⟨
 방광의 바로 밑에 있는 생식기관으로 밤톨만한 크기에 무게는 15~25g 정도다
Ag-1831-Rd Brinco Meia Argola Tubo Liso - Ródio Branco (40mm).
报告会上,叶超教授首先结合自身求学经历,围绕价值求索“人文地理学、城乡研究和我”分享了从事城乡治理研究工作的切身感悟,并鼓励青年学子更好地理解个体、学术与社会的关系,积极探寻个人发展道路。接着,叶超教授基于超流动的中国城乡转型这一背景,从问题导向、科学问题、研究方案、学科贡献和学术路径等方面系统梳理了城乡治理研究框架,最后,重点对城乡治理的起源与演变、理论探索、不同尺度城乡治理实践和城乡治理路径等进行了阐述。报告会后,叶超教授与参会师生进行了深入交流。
⟩
- **Exercise brief**:
Type the material above out again, exactly.

- **Written answer**:
 방광의 바로 밑에 있는 생식기관으로 밤톨만한 크기에 무게는 15~25g 정도다
Ag-1831-Rd Brinco Meia Argola Tubo Liso - Ródio Branco (40mm).
报告会上,叶超教授首先结合自身求学经历,围绕价值求索“人文地理学、城乡研究和我”分享了从事城乡治理研究工作的切身感悟,并鼓励青年学子更好地理解个体、学术与社会的关系,积极探寻个人发展道路。接着,叶超教授基于超流动的中国城乡转型这一背景,从问题导向、科学问题、研究方案、学科贡献和学术路径等方面系统梳理了城乡治理研究框架,最后,重点对城乡治理的起源与演变、理论探索、不同尺度城乡治理实践和城乡治理路径等进行了阐述。报告会后,叶超教授与参会师生进行了深入交流。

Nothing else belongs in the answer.